クッシュマン・アンド・ウェイクフィールドのシグリッド・ジアルシタ(APACリサーチ、マネージング・ディレクター)は次のように述べています。「昨年アジア太平洋地域ではオフィスビルや土地の記録的な取引がありました。主にコアマーケットにおいてデベロッパーが目立った動きを見せるなど、コア資産を作り出すビルト・トゥ・コア投資機会への強い意欲が継続していることを示しています。」


また、「アジア太平洋におけるこのポジティブな投資機運は2017年も変わらず、良好な景気が投資家の関心を刺激し、各国の投資家から、アジア太平洋地域、またグローバルな投資家に至るまで、近代的な商業不動産への需要を押し上げるでしょう。しかしながら、世界経済における不確実性を背景に、新しいマーケットへ挑戦する投資家もいる一方で、コア資産のグローバル分散投資戦略が依然支持を得ると見られます。」とも述べています。


日本投資市場


日本の投資市場で過去2年にも渡る売却物件の少なさは、本年も続くと予想されます。国内のコア市場は国内と海外の資金で溢れ、多くの投資家が資金展開に苦戦しています。更に、金融緩和維持によって容易となるリファイナンスがこれに拍車をかけており、所有者は売却のプレッシャーを感じていません。衰えぬ投資意欲と不動産をめぐる熾烈な競争環境の中、投資家は独創的な投資アプローチを拡大していかざるを得ません。

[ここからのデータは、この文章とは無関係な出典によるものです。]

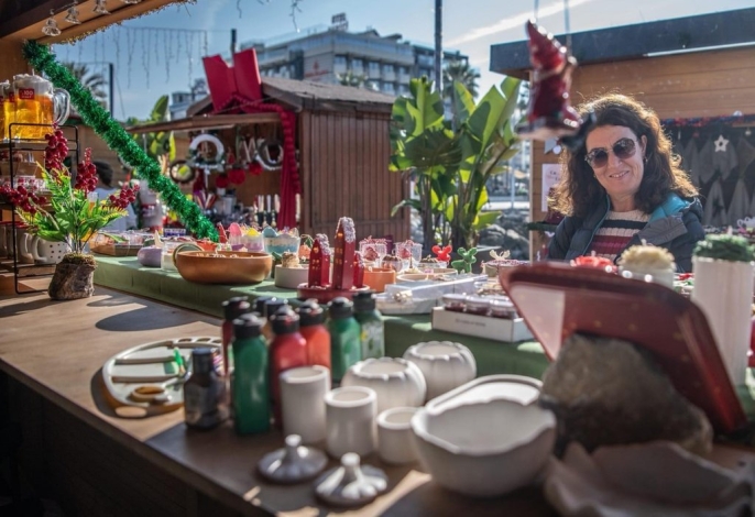 Kuşadası'nda yılbaşı pazarı rengarenk tezgahlarıyla ilgi çekiyor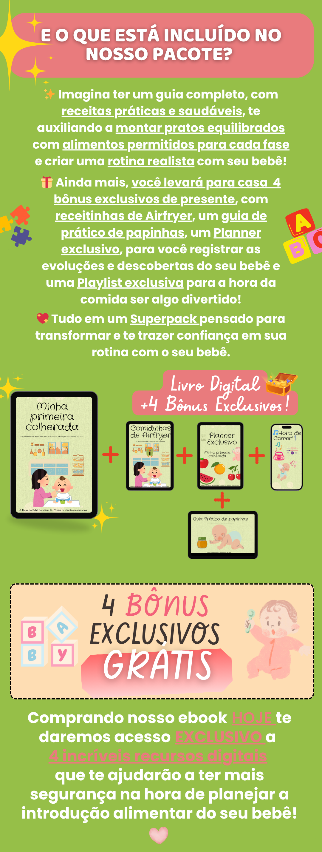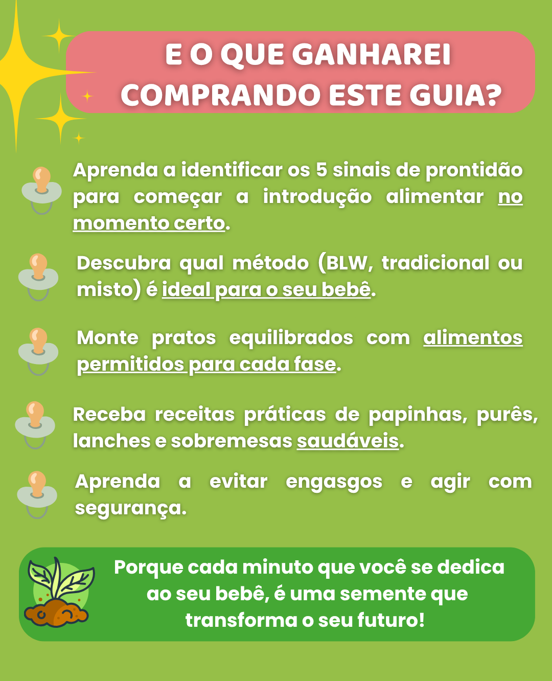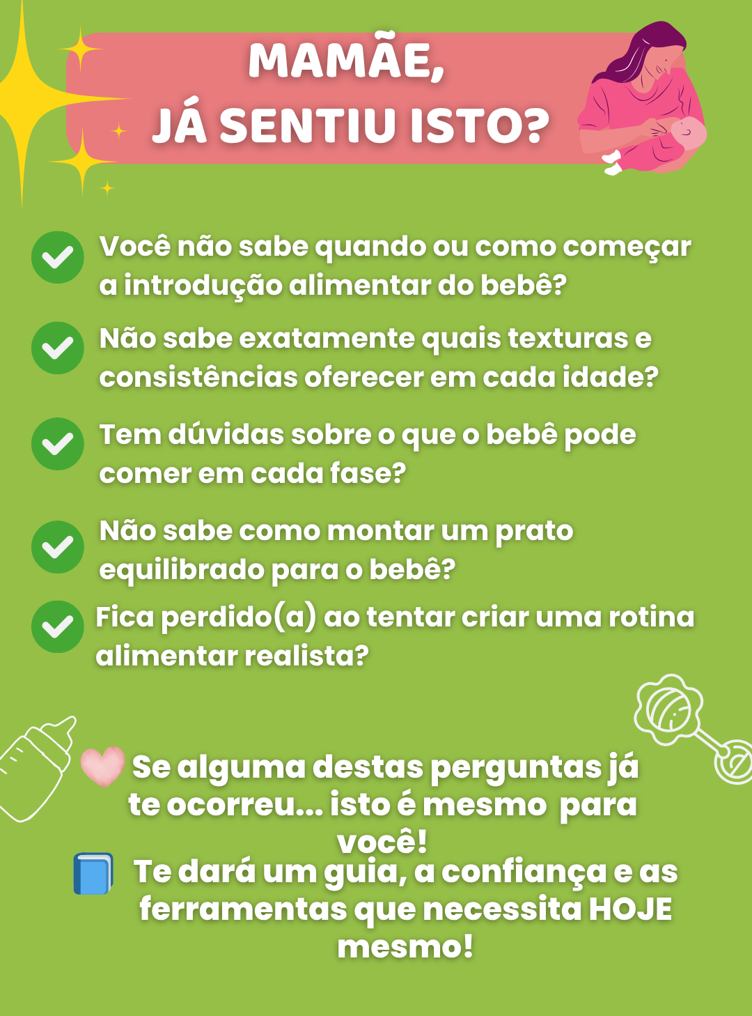 Não perca a chance de ter todas as respostas para a introdução alimentar do seu bebê — sem estresse e com muito carinho! 😍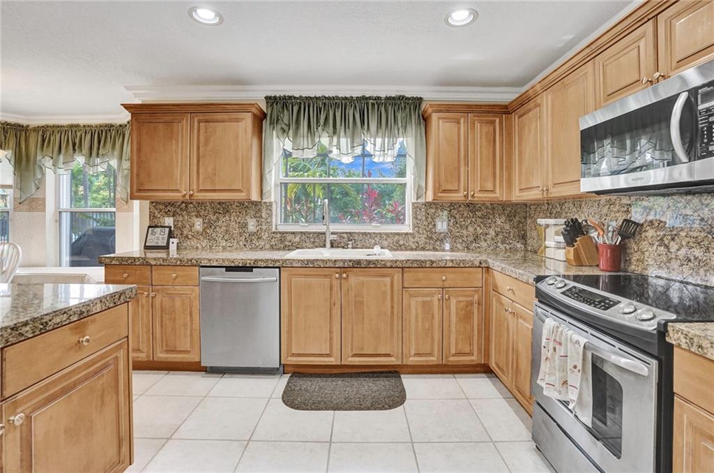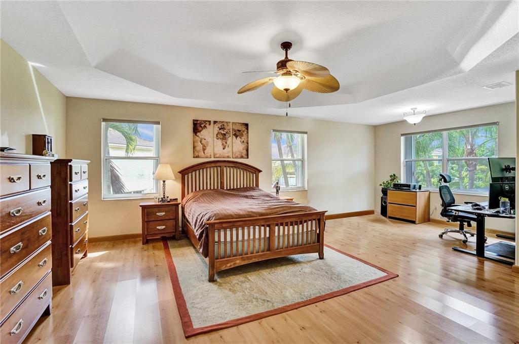 Gorgeous 5 bedroom + Loft/3 bath/3 Car Garage home located in a quiet cul-de-sac with extensive lot (over a quarter acre! One of the largest lots in the community) in desirable guard-gated community of Silver Shores, excellent location with "A" rated schools screened in patio and separate fenced in Pool! Lots of fruit plants & trees in this huge yard, even has a basketball court!. This spacious home boasts 3417 Living Square feet and features soaring ceilings, lots of natural light, accordion hurricane shutters, stainless steel appliances, granite countertops, wood cabinets, tile & wood laminate floors throughout (no carpet), 1 bedroom & full bathroom downstairs, spacious Master bedroom with elegant tray ceiling + 3 other bedrooms + loft upstairs, crown molding, near everything
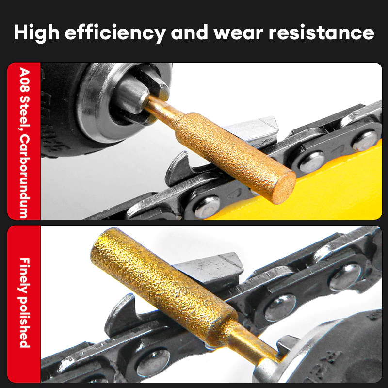 Đánh bóng xích: Nhanh chóng sửa chữa các vết răng cưa của xích, cải thiện hiệu suất cắt và kéo dài tuổi thọ của xích.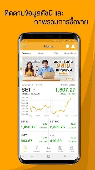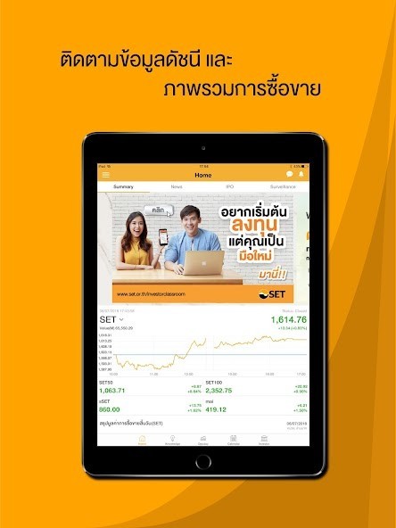 SET App or SET Application, developed by Stock Exchange of Thailand, invites you to a new access to investment information and knowledge. You will encounter with highlight investment resources and activities, seminar timetable, financial products and services from SET, check out our video clips at your convenience and navigate the world of investment knowledge.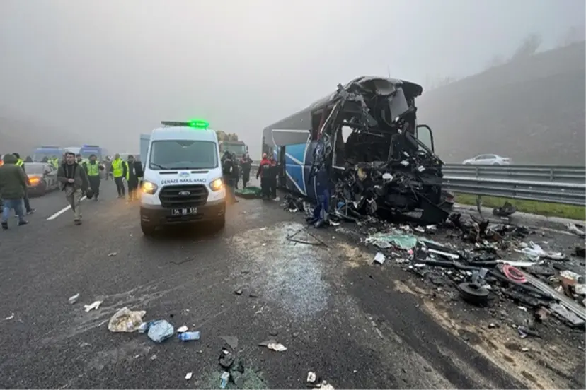 Kaza, saat 04.30 sıralarında Kuzey Marmara Otoyolu'nun Sakarya Dağdibi mevkisinde meydana geldi. Sol şeritte yavaşlayan kamyonete, arkasından gelen yolcu otobüsü çarptı. Araçlar, yolun sol şeridinde kaza nedeniyle durdu, otobüsteki yolculardan bazıları da yola indi. Sis nedeniyle görüş mesafesinin düştüğü yolda, arkadan gelen, aralarında 2 yolcu otobüsü ve 1 TIR'ın da olduğu 5 araç daha kazaya karıştı. Araçlar, kaza nedeniyle otobüsten inen yolculara da çarptı. İhbar üzerine bölgeye çok sayıda itfaiye, 112 acil sağlık, polis ve jandarma ekibi sevk edildi. Kaza nedeniyle otoyolun İstanbul yönü ulaşıma kapatıldı.

クッシュマン・アンド・ウェイクフィールドの鈴木英晃(日本リサーチ、ディレクター)は、バリューアッド/オポチュニスティック投資が資金展開には向いており、さらに他の投資家のコア選好を出口として考えられるため有用な戦術であると考えています。


「コア資産の強い需要がある一方で、コア資産そのものを作り出す誰かが必要です。例えば、バリューアッド/オポチュニスティック・プレイヤーや、投資家自身が投資戦略にバリューアッド戦術を取り入れて強化するなどです。安定資産を追求しマーケット取引の主役となっているJ-REITも今ではバリューアッド戦術を立てているところもあります。彼らは、ブリッジファンドを活用し安定化が必要な資産を仕入れ、問題解決後にリートに取り入れる手法をとっています。コア投資家にとっても長期的な投資戦略の一環としてバリューアッド戦術を検討する時期に来ているのではないでしょうか。」とも述べています。


新しい投資セグメントや投資スタイルの世界的な関心の高まりと同様、日本では人口動態が投資のテーマへとなりうるでしょう。国レベルでの出生率低下とは対照的に、人口の増加を続けている首都東京は、既存のコアエリアから、成長ストーリーを描くより小さいサブマーケットをも飲み込んでいく事でしょう。加えて、データセンターといったオルタナティブセクターが、更なる好機をもたらすと考えられます。